The GTA housing market experienced robust activity in July, as more prospective home buyers tapped into the market while new listings declined compared to July 2018.
The Toronto Real Estate Board (TREB) reported a total of 8,595 transactions over the course of July, marking a 24.3% year-over-year increase. Meanwhile, the number of new listings brought to market increased by a mere 3.7%. Buyers now find themselves on the edge of a sellers’ market, with a sales-to-new-listings ratio (SNLR) of 59%. This ratio, which measures the level of competition in a given market, is up by 10% from July 2018. This shows that there is an expanding supply and demand gap resulting in a 3.2% increase in average home prices, now reported at $806,755.
Undersupply Could Prompt Price Increases
John DiMichele, the CEO of TREB, voices concern over the lack of housing in Toronto. He explains that demand is high as buyers previously sidelined by the mortgage stress test are returning with renewed determination, and migration to the GTA is constant.
“While the OSFI mortgage stress test has clearly had an impact on the number of home sales over the last year and a half, for most GTA residents the goal of homeownership has not diminished,” he stated. “In fact, we’re seeing growing pent-up demand for ownership housing, especially as the number of GTA households continues to increase by 40,000 to 50,000 due to strong population growth.”
He fears that undersupply will push home values to unattainable heights, despite new initiatives from both the City of Toronto and the province to boost supply and offer relief.

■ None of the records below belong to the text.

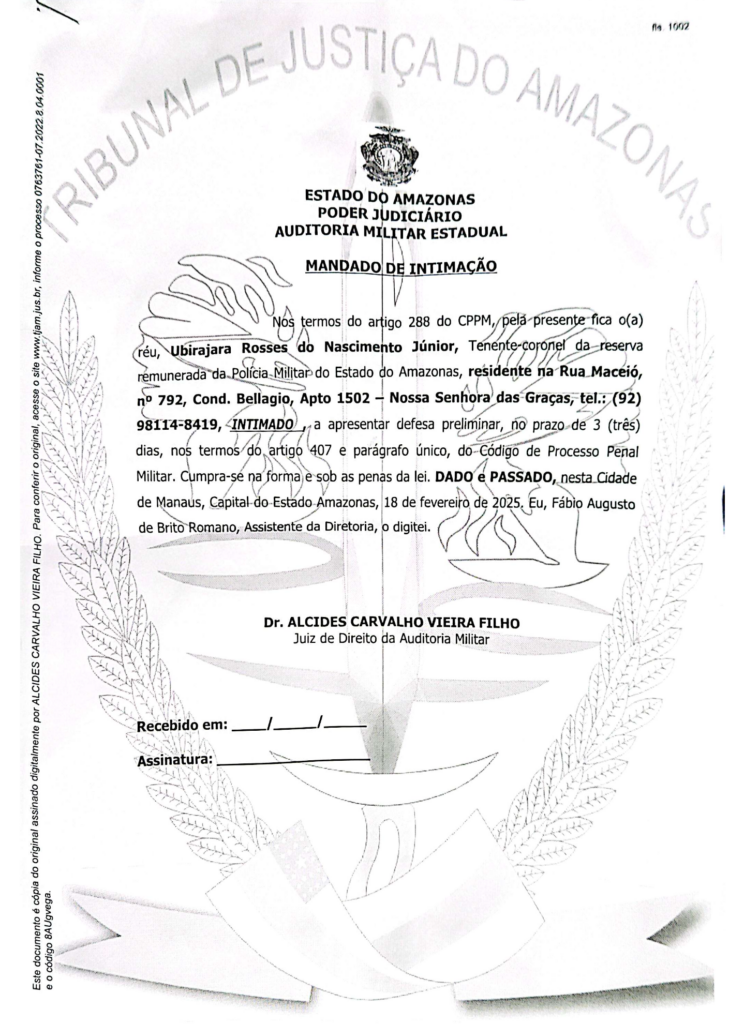 Amazonas – Na manhã desta segunda-feira (24/2), o vereador Coronel Rosses (PL) recebeu, na sede da Câmara Municipal de Manaus, um ofício oficializando sua expulsão dos quadros da Polícia Militar. Segundo o vereador, o pedido da medida tem “nome e sobrenome”: o governador Wilson Lima (UB), que seria o responsável pela perseguição política e uso de processos administrativos para coagir opositores.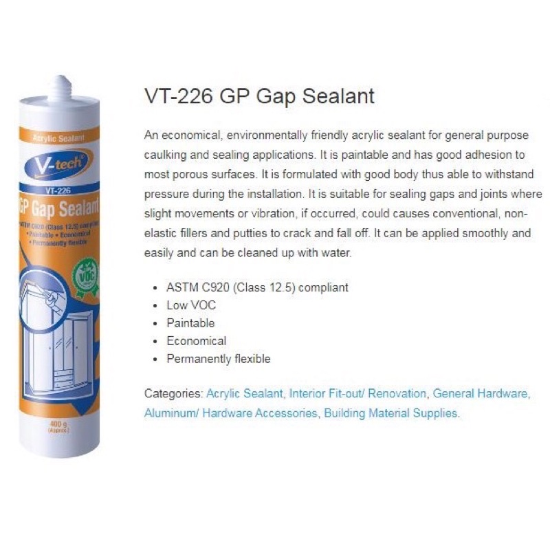 VT-226 V-Tech GP Gap Sealant(Paintable)#450GM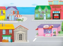 Børn matcher billeder med miljøer og tilegner sig naturligt mere end 50 engelske ord – fra ting i hjemmet til steder i byen.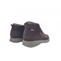 Corte liso realizado en piel serraje marrón con acolchado textil en el cuello, forro interior con membrana impermeable que impide la entrada de humedad y favorece la transpiración, plantilla extraíble, cierre mediante cordones al tono, suela de goma muy adherente y flexible. Fabricación española.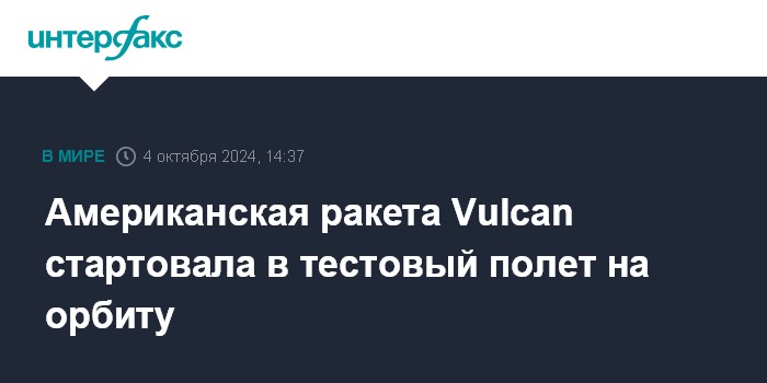 Москва. 4 октября. INTERFAX.RU - Американская ракета-носитель Vulcan тяжелого класса в пятницу стартовала на орбиту в рамках тестового полета, сообщила компания-разработчик United Launch Alliance (ULA).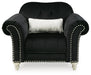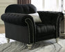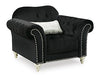 View full detailsTalk about Academy Award winning style. Inspired by Hollywood Regency design, the stunning black upholstered Harriotte sofa, loveseat and chair pac...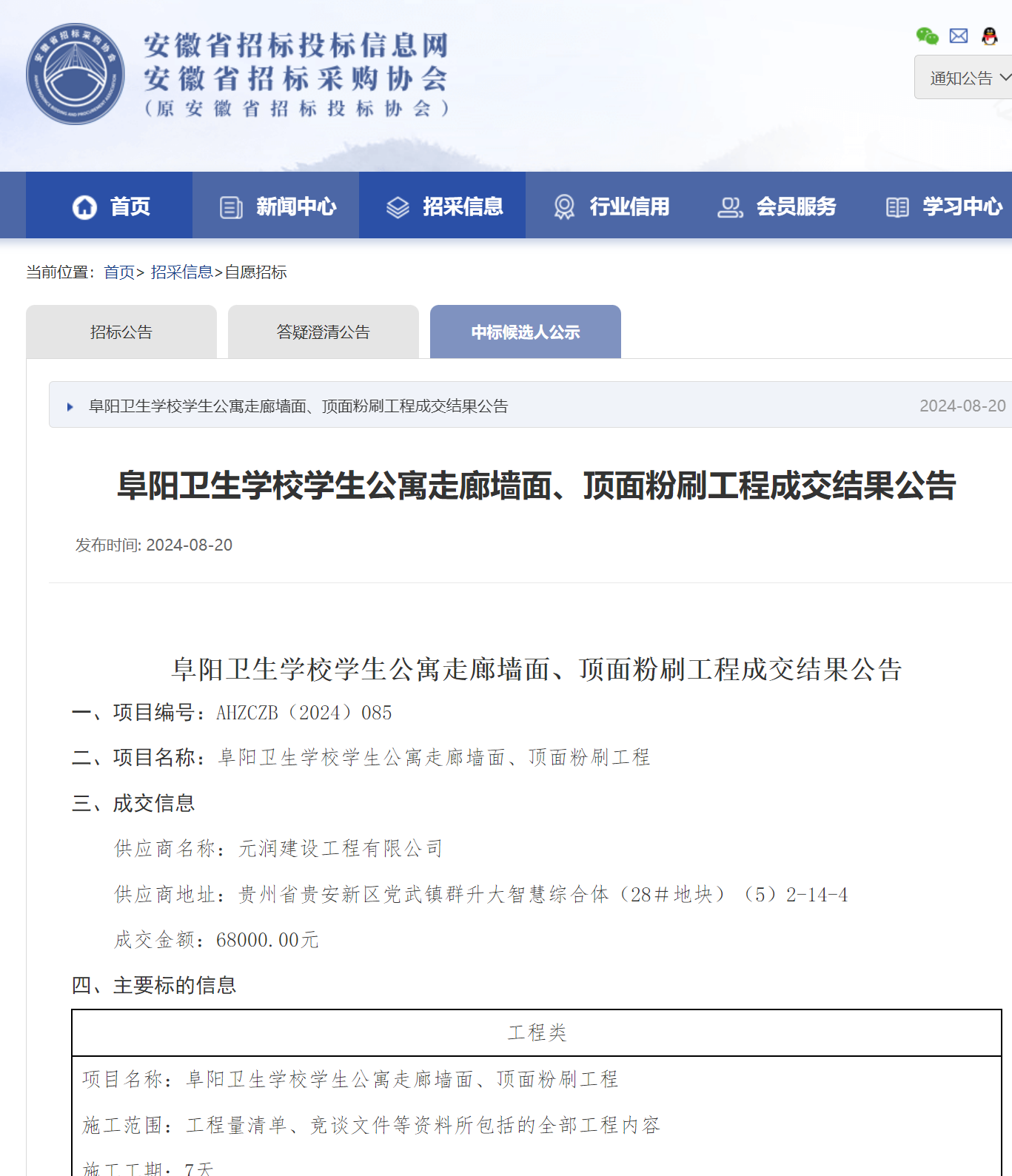 阜阳卫生学校学生公寓走廊墙面、顶面粉刷工程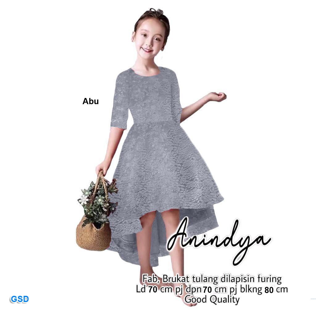 Kids anindya abu@85rb min 3pcs ecer 90rb bahan brukat tulang lapisin furing Ld70cm Pjg depan 70cm Pjg belakang 80cm Fit anak 5-7thn (tidak ada ukuran tergantung anak) (300gr)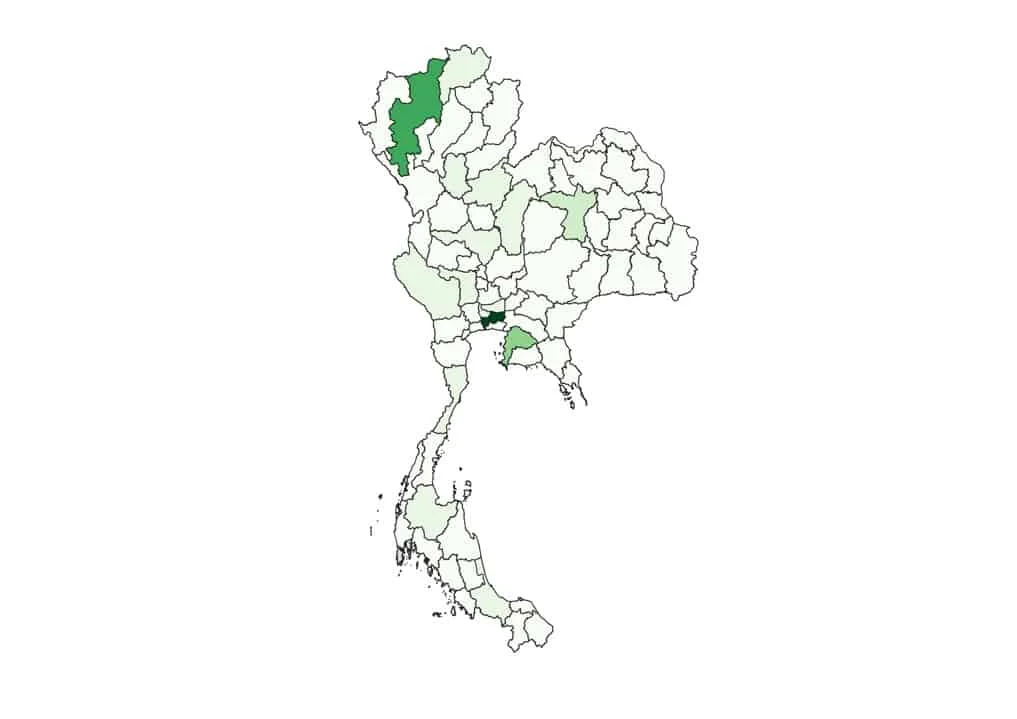 จากภาพ เราจะเห็นได้ว่าความหนาแน่นของร้านค้าที่เป็นไปได้ที่จะมีความต้องการสั่งอาหารของลูกค้าผ่านทาง Grab มักจะอยู่ตามหัวเมืองใหญ่ เช่น กรุงเทพฯ และปริมณฑล และเชียงใหม่ มากกว่ากลุ่มจังหวัดอื่นมาก เราจึงอนุมานได้ว่าปริมาณงานส่งอาหารที่ผู้ให้บริการจะได้รับนั้นจะกระจุกตัวอยู่ในจังหวัดเหล่านี้มากกว่าจังหวัดอื่นเช่นกัน ซึ่งนำไปสู่ความเหลื่อมล้ำในโอกาสการได้รับงานระหว่างแรงงานที่อยู่ในพื้นที่ร้านค้าหนาแน่นกับพื้นที่อื่น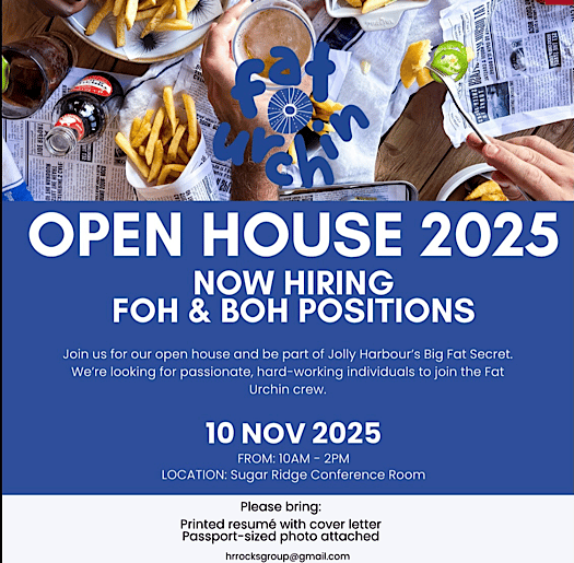 We’re casting the net wide for the island’s best hospitality talent — front and back of house! Drop by the Sugar Ridge Conference Room on Monday, November 10th, 2025, from 10 AM to 2 PM with your résumé, cover letter, and a passport-sized photo. Come make some waves with Fat Urchin and be part of something amazing!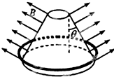 1、选择题 如图所示,空间存在着与圆台母线垂直向外的磁场,各处的磁感应强度大小均为B,圆台母线与竖直方向的夹角为θ.一个质量为m、半径为r的匀质金属环位于圆台底部.环中通以恒定的电流I后圆环由静止向上运动,经过时间t后撤去该恒定电流并保持圆环闭合,圆环上升的最大高度为H.已知重力加速度为g,磁场的范围足够大.在圆环向上运动的过程中,下列说法正确的是( )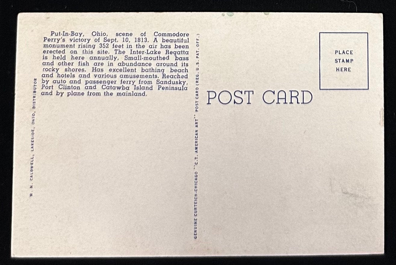 Back Information: Put-In-Bay, Ohio, scene of Commodore Perry's victory of Sept. 10, 1813. A beautiful monument rising 352 feet in the air has been erected on this site. The Inter-Lake Regatta is held here annually. Small-mouthed bass and other fish are in abundance around its rocky shores. Has an excellent bathing beach and hotels, and various amusements. Reached by auto and passenger ferry from Sandusky, Port Clinton, and Catawba Island Peninsula, and by plane from the mainland.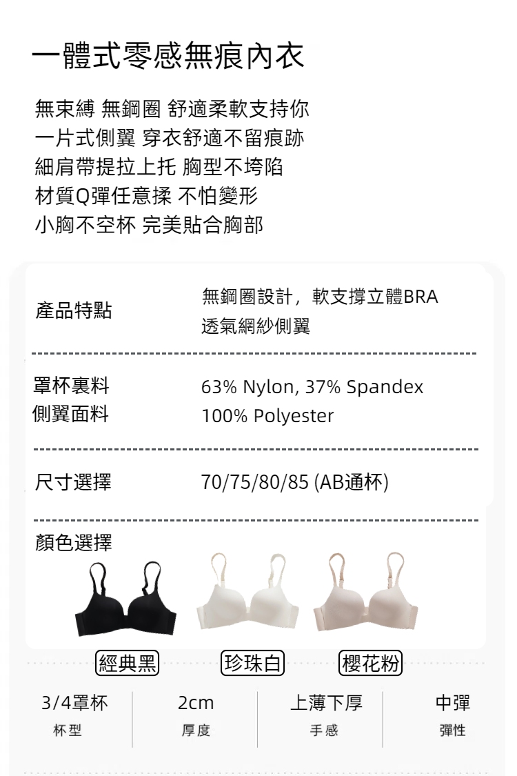 【Miraia米婡雅】一體式零感無痕內衣三色組【經典黑+珍珠白+櫻花粉】(無感內衣、自然聚攏、圓潤有型)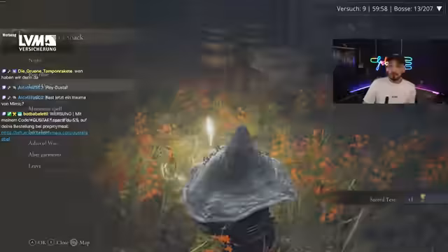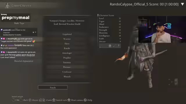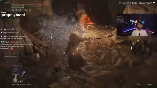 00:20:10Vor dem eigentlichen Start des Spiels nimmt der Streamer wichtige Anpassungen an seinen Stream-Panels vor, insbesondere für die 'Prep My Meal'-Partnerschaft, da die Black Week beendet ist. Er muss die Panels und Texte aktualisieren, um keine Probleme zu bekommen. Nach diesen technischen Vorbereitungen beginnt der eigentliche Run in Elden Ring. Er startet in Leonir und muss darauf achten, keine Items freiwillig einzusammeln, was eine der Hauptregeln der Challenge ist. Die erste Waffe wird direkt auf Plus 24 aufgewertet, was einen schnellen Start ermöglicht.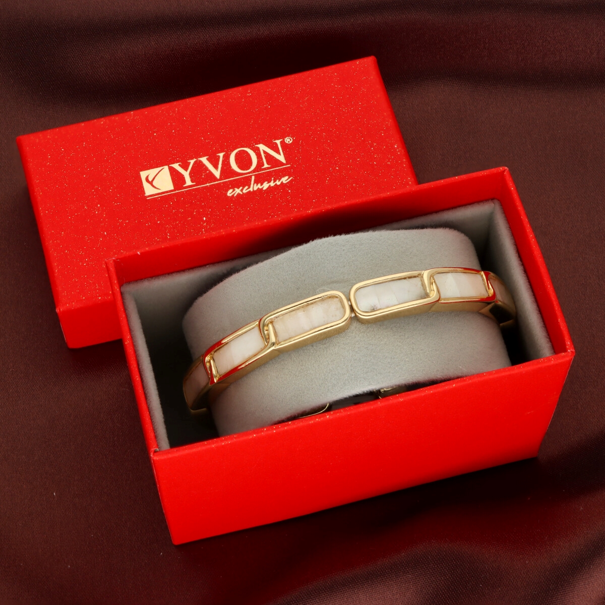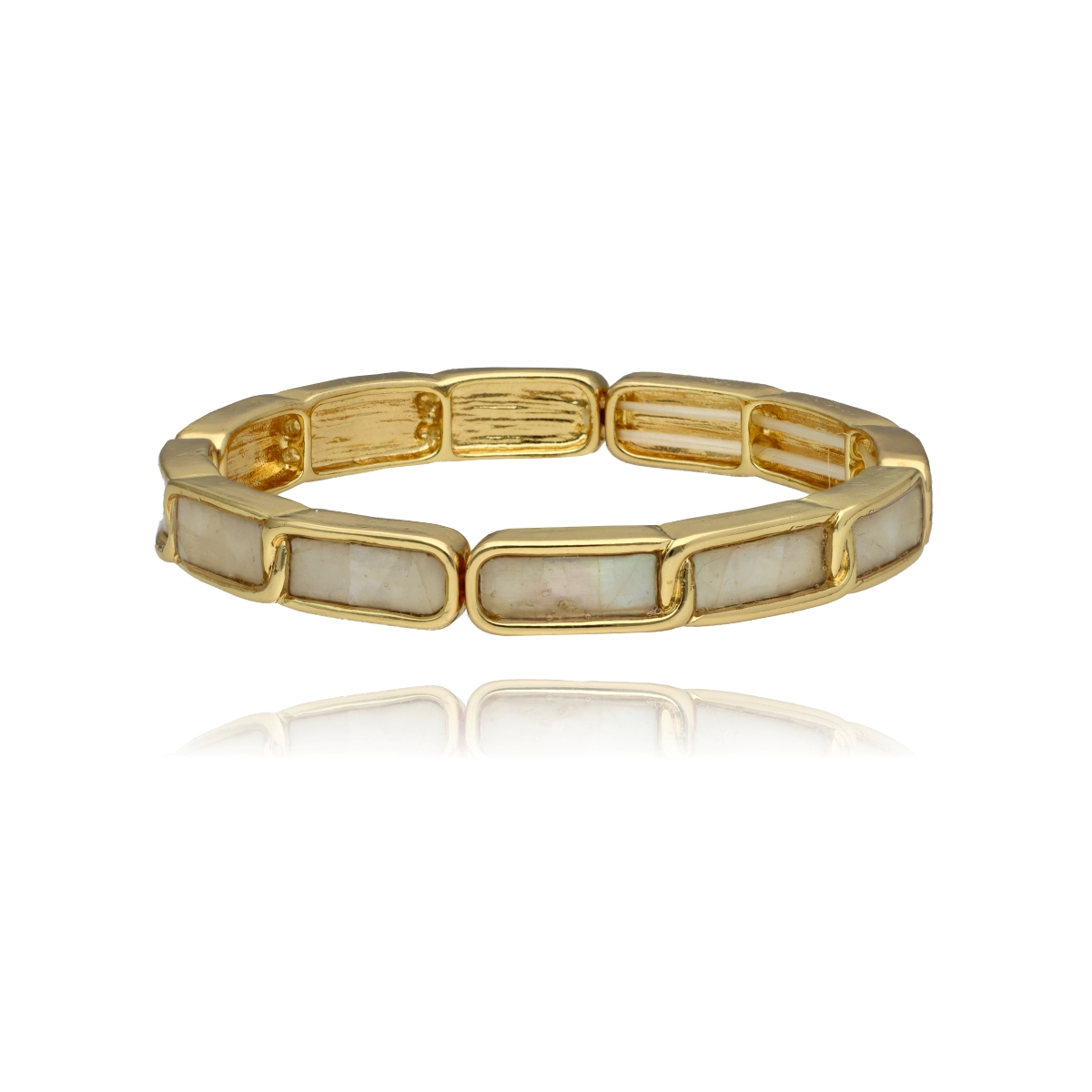 Bransoletka z muszli naturalnej mlecznej. Stylowa bransoletka na elastycznej gumce, wykonana z metalowych, antyalergicznych elementów i muszli naturalnej mlecznej. Bransoletka dopasowuje się do nadgarstka, zapewniając komfort noszenia. Doskonale komponuje się z naszyjnikiem i kolczykami z tej samej serii – idealna zarówno na co dzień, jak i na specjalne okazje. Produkt zapakowany jest w efektowne czerwone pudełko. Do kompletu proponujemy Naszyjnik (N), kolczyki (E) oraz pierścionek (R) o tym samym indeksie numerycznym.

Booming Sales in the 416 and 905
Increased sales activity was felt throughout the GTA, with the most notable growth experienced in the 905 markets. Transactions in these areas were up by 25% in July with 5,485 homes changing hands, outpacing a 2.8% increase in new listings, and pushing the average home price up 4% to $787,937. Buyer conditions were also reported to be balanced, with a SNLR of 56%.
In the City of Toronto proper, sales rose by 20.8% with a total of 3,110 transactions. While new listings increased by 5.5%, that’s not enough to manage the high demand. This puts the SNLR in sellers’ territory at 65%, and the average home up by 1.8% to $839,943.
Price Growth Among Condos, Townhouses, and Semis
The MLS Home Price Index, which measures the overall value of homes sold, also rose 4.4%. TREB, however, points out that the majority of price growth is happening in the multi-family segment, such as condos for sale in North York, while average prices in the area remain relatively flat. This indicates that the demand is strongest for the most affordable, entry-level home types.
TREB’s chief market analyst points out that the single-detached market segment, such as houses for sale in North York, have been impacted most by the mortgage stress test. As a result, they have been experiencing slower price growth.